What needs to be done: The listing below should be printed again word for word, without any images.
# # # # # # #
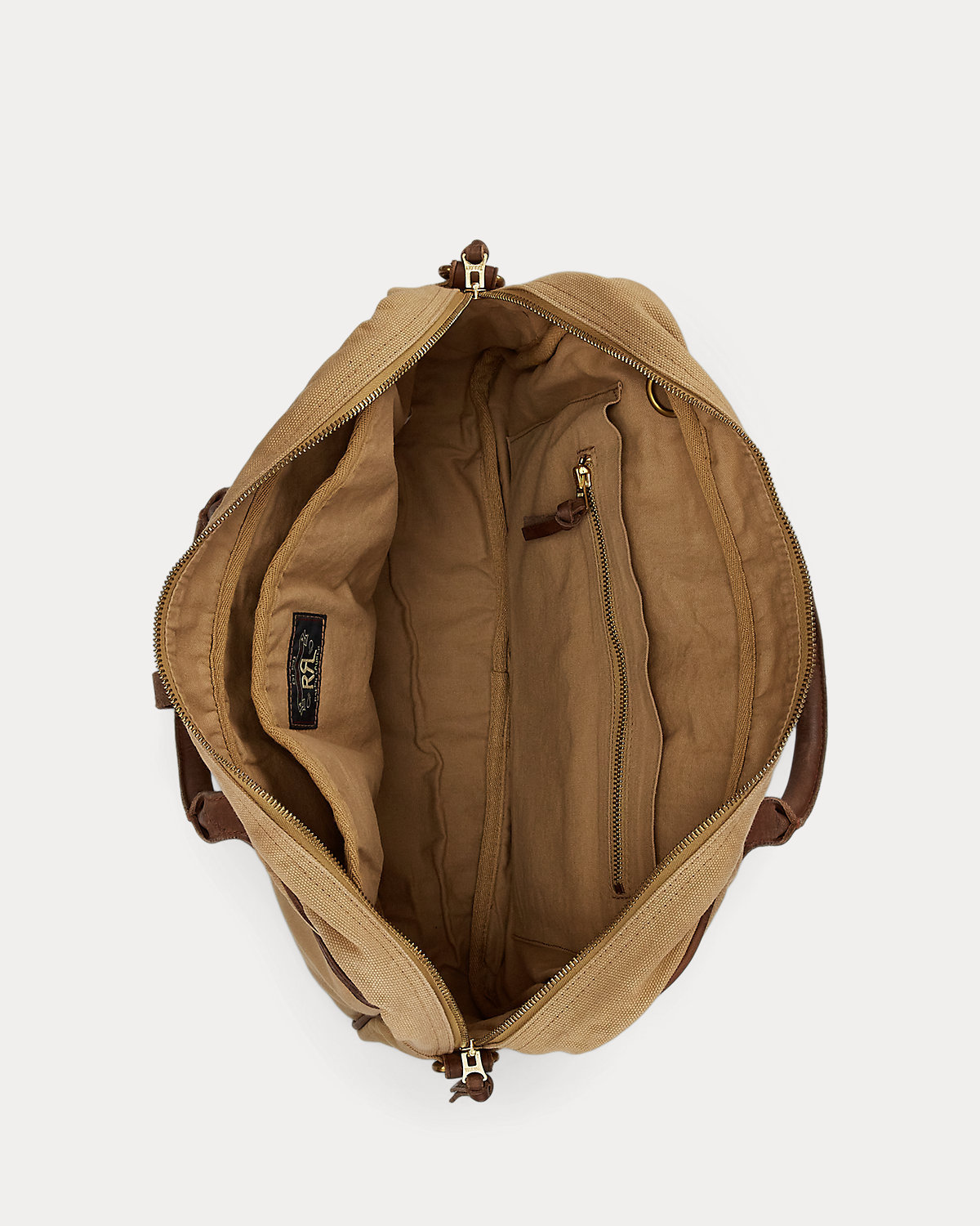 Made with durable cotton canvas. Full-grain leather handles, removable shoulder strap, and trim. Woven logo label with a deer graphic at the front. Padded laptop sleeve at the interior. Brass hardware with a vintage-inspired finish. Distressed copper-tone rivets.
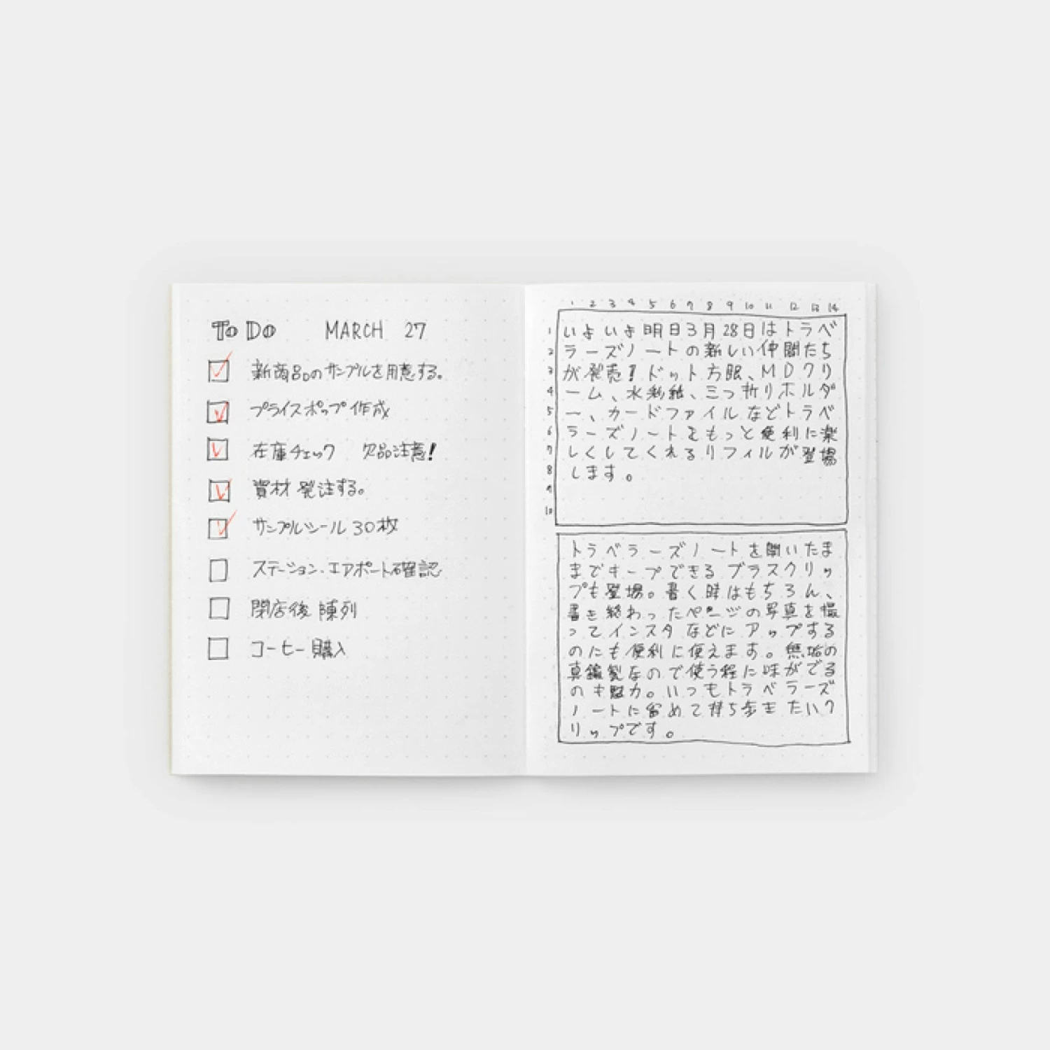 The 014 dot grid is a refill for theย passportย size Traveler’s Notebook and comes with 64 dot grid pages. The refill uses MD paper, which is both smooth and resistant to feathering and show through, making it ideal for all writing instruments including fountain pens. The dot grid features 5mm x 5mm dots in a subtle grey colour, making it ideal for bullet journaling, writing and drawing graphs/boxes.
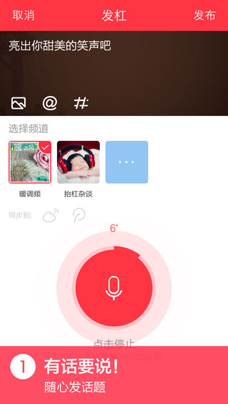 抬杠是一款手机语音互动社区,随时随地的参与你感兴趣的话题杠一杠吧,还可以和明星直接语音对话!
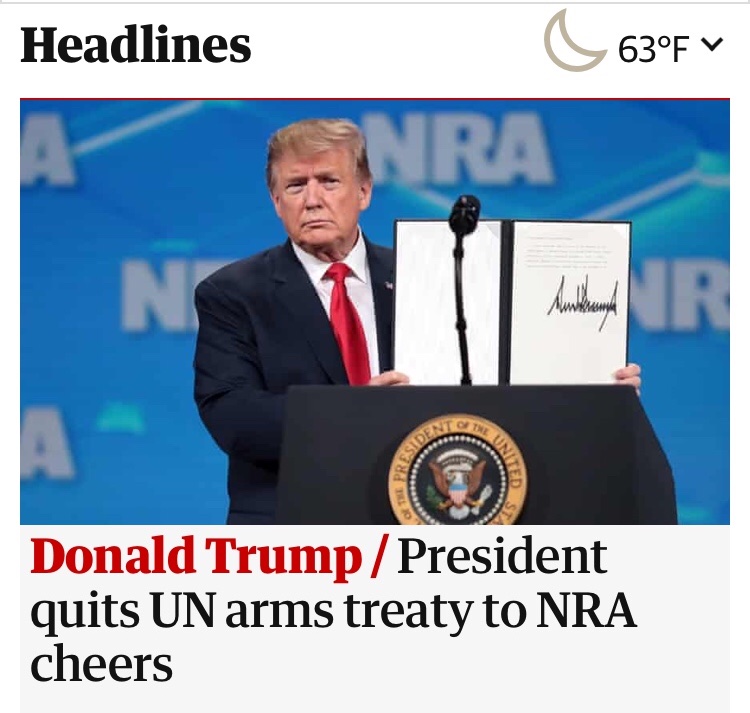 No cost to Trump. Punish evil UN and suck up to NRA.
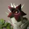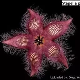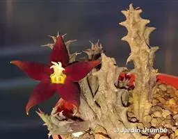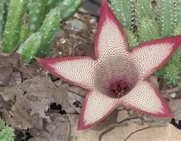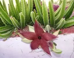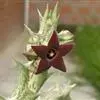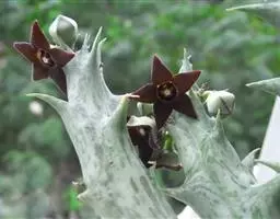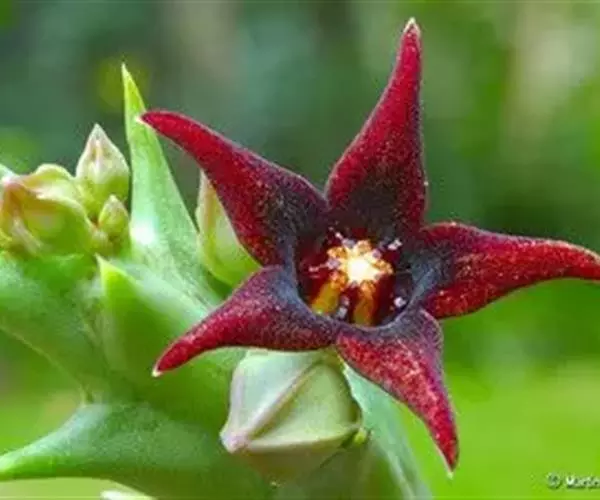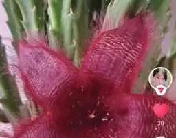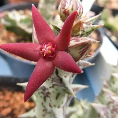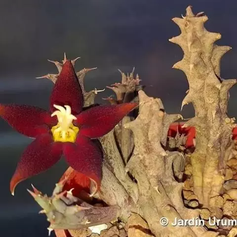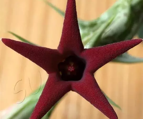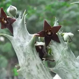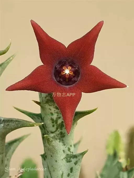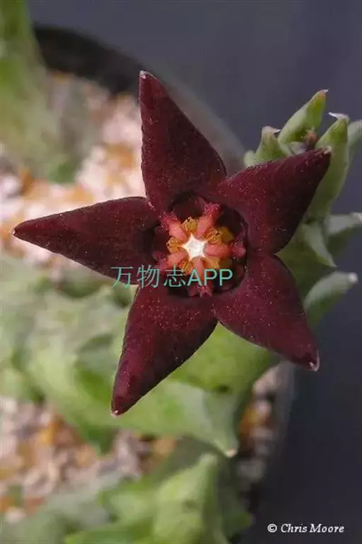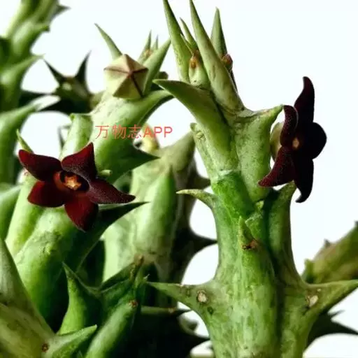紫龙角,多年生肉质草本,植株灰绿色,表面长有紫褐色斑纹,棱缘波 状,有齿状突起。看起来好像很硬,但摸起来却软软的。植株低矮,分枝多,开深褐红色星状的花,花星状,深褐红色,被白色浓毛,花有臭味,会吸引苍蝇。
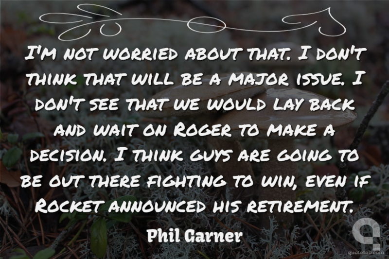 I'm not worried about that. I don't think that will be a major issue. I don't see that we would lay back and wait on Roger to make a decision. I think guys are going to be out there fighting to win, even if Rocket announced his retirement.
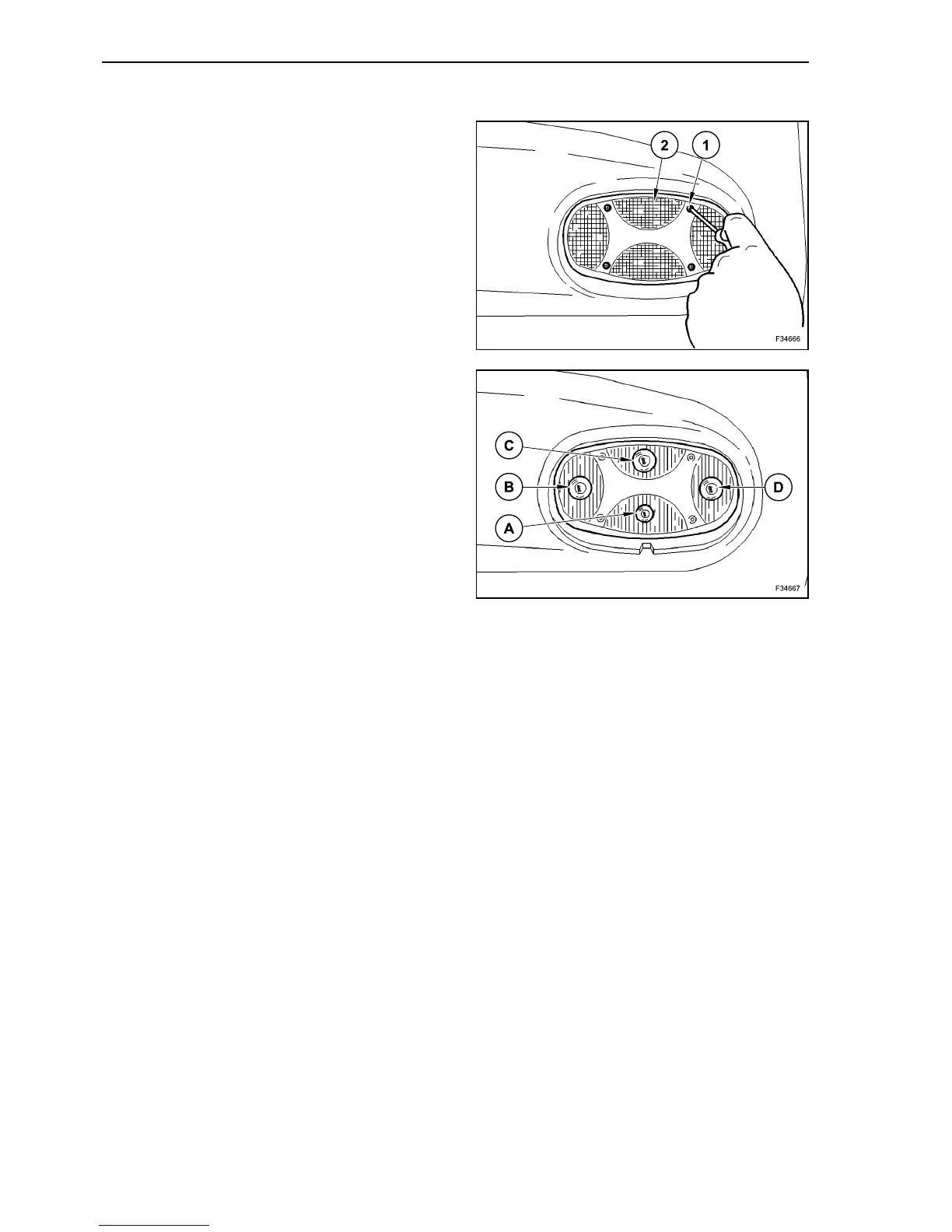 Unscrew the fastening screws (1) of the covering
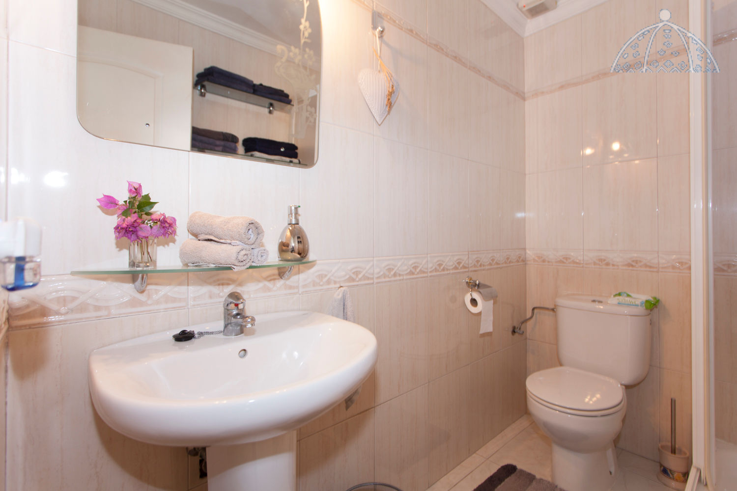 • badkamer met enkele wastafel, douche en toilet
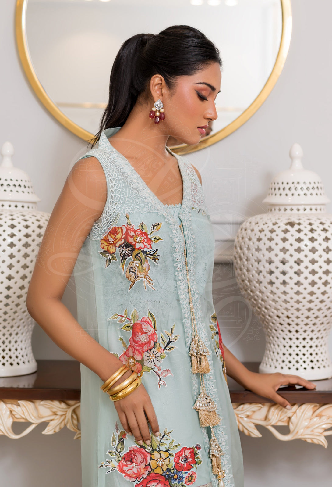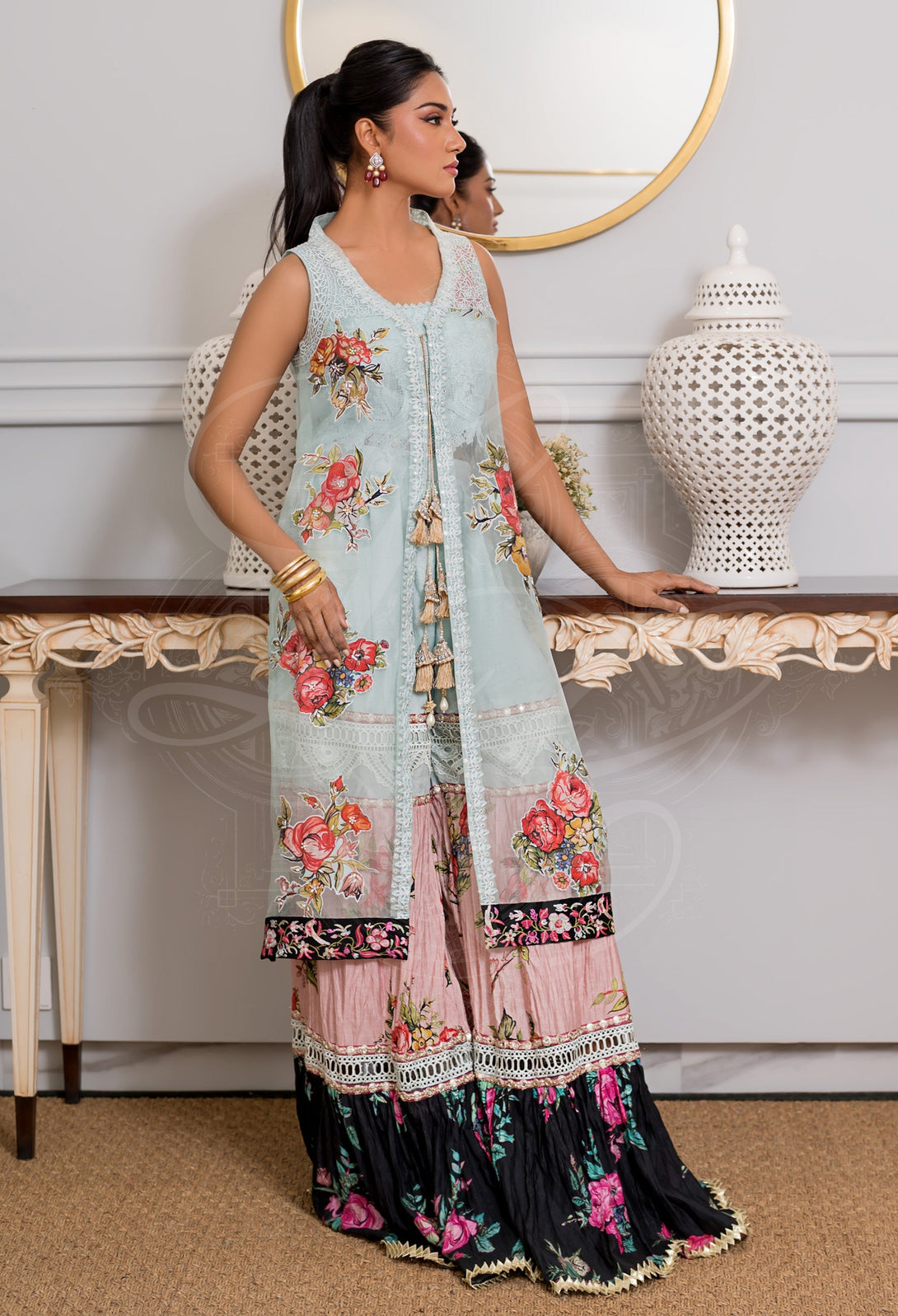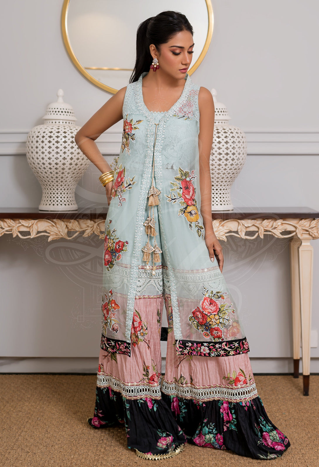 The look is completed with a layered floral gharara in pink, aqua, and black tones—adorned with playful tassels that sway with every step. A true fusion of color, texture, and tradition, this outfit is designed to stand out at festive occasions and intimate soirées alike.
# # # # # # #
Your response:
 Made with durable cotton canvas. Full-grain leather handles, removable shoulder strap, and trim. Woven logo label with a deer graphic at the front. Padded laptop sleeve at the interior. Brass hardware with a vintage-inspired finish. Distressed copper-tone rivets.
 The 014 dot grid is a refill for theย passportย size Traveler’s Notebook and comes with 64 dot grid pages. The refill uses MD paper, which is both smooth and resistant to feathering and show through, making it ideal for all writing instruments including fountain pens. The dot grid features 5mm x 5mm dots in a subtle grey colour, making it ideal for bullet journaling, writing and drawing graphs/boxes.
 抬杠是一款手机语音互动社区,随时随地的参与你感兴趣的话题杠一杠吧,还可以和明星直接语音对话!
 No cost to Trump. Punish evil UN and suck up to NRA.
紫龙角,多年生肉质草本,植株灰绿色,表面长有紫褐色斑纹,棱缘波 状,有齿状突起。看起来好像很硬,但摸起来却软软的。植株低矮,分枝多,开深褐红色星状的花,花星状,深褐红色,被白色浓毛,花有臭味,会吸引苍蝇。
 I'm not worried about that. I don't think that will be a major issue. I don't see that we would lay back and wait on Roger to make a decision. I think guys are going to be out there fighting to win, even if Rocket announced his retirement.
 Unscrew the fastening screws (1) of the covering
 • badkamer met enkele wastafel, douche en toilet
 The look is completed with a layered floral gharara in pink, aqua, and black tones—adorned with playful tassels that sway with every step. A true fusion of color, texture, and tradition, this outfit is designed to stand out at festive occasions and intimate soirées alike.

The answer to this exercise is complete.